Bozen/Stuttgart, 22. Februar 2021 (geno). Seniorengenossenschaften boomen – vor allem in Übersee. Überzeugende Ursachen dieser Entwicklung erläutert Prof. Susanne Elsen. Die Dozentin an der Freien Universität Bozen schreibt dazu: „Nach Angaben der UNO wird bis 2050 die Zahl der 65 bis 84jährigen von 400 Millionen auf 1, 3 Milliarden steigen. Die ungedeckten Rentenverpflichtungen belaufen sich allein in den OECD-Ländern auf 35 Billionen US-Dollar. Rechnet man die Kosten der Gesundheitsfürsorge hinzu, verdoppeln sich die Aufwendungen. Besonders wiegt die Tatsache, dass private und öffentliche Armut Folgen der Organisation von Pflegeleistungen sind.“ Die berechtigte Angst vor Armut, Einsamkeit und Fremdbestimmung im Alter einerseits und die Experimentierfreude von älteren Menschen andererseits stünden hinter den Gründungen von Seniorengenossenschaften und anderer kooperativer Formen des Lebens und Wohnens in einer alternden Gesellschaft.

Nach den Worten der Dozentin für Gemeinwesenökonomie gewährleistet das genossenschaftliche Identitäts- und Demokratieprinzip die Selbstkontrolle, Selbstorganisation und Selbstbestimmung in Fragen, die tief in das persönliche Leben der Betroffenen reichen. Ein Vorbild sei die Seniorengenossenschaft Riedlingen in Oberschwaben, die erste in Deutschland. Nach deren Gründung 1991 durch 20 Initiatoren war die Zahl der Genossenschaftsmitglieder nach rund zehn Jahren bereits auf 654 und 113 freiwillige Helfer gestiegen.

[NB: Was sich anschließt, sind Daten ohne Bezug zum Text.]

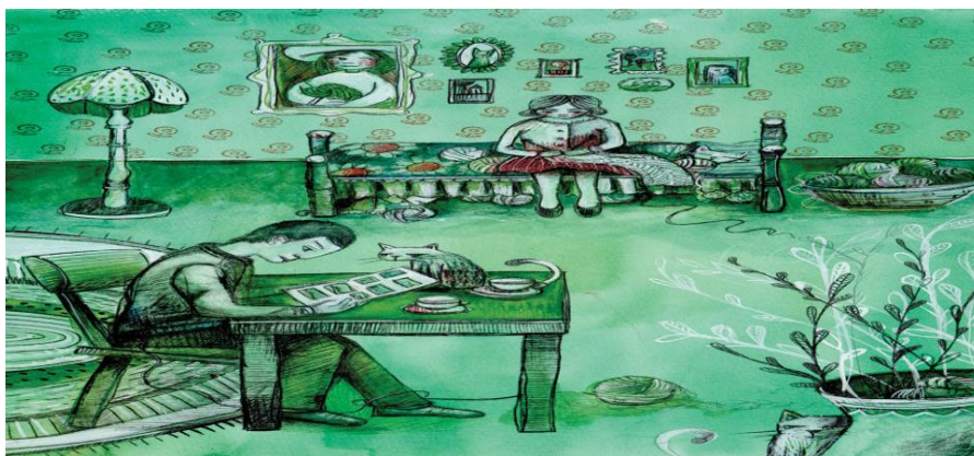
Imagen 2 Casa tomada
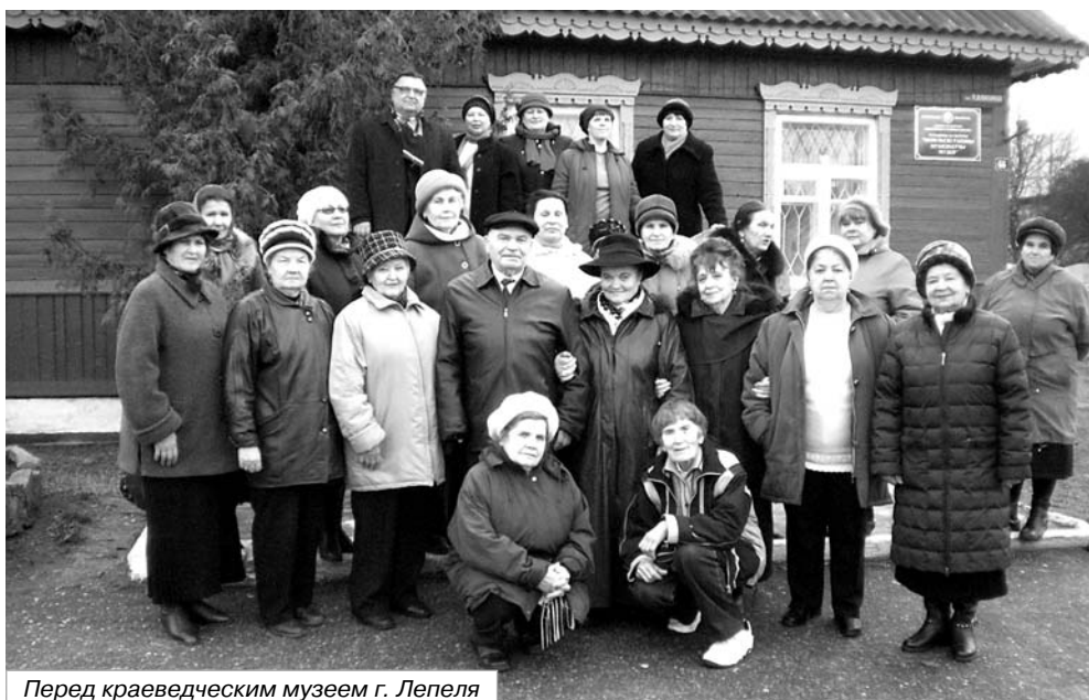
Перед краеведческим музеем г. Лепеля

нам были предоставлены двухкомнатные номера.
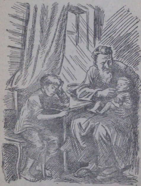
Таадам баланы тизезкине отургызала, бойы азырады.

Die Anregung hatte der Ministerpräsident des Bundeslandes Baden-Württemberg, Lothar Späth, von einer Amerika-Reise mitgebracht und knapp ein Dutzend Modellprojekte auf den Weg gebracht. Die Idee ist auf den französischen Soziologen Claude Levi-Strauss zurückzuführen und im Jahr 1949 von ihm als „generalisierenden Austausch“ präsentiert worden.

Susanne Elsen betrachtet auch Komplementärwährungen als wichtigen Bestandteil von Seniorengenossenschaften. Mit diesen Zeitkonten werde das Engagement von Freiwilligen honoriert. Solche Zeitbanken sind insbesondere in Japan, Neuseeland, USA und Kanada verbreitet. In Deutschland bestehen bei sogenannten Zeitkonten noch massive steuerliche Probleme. ++ (sg/mgn/22.02.21 – 024)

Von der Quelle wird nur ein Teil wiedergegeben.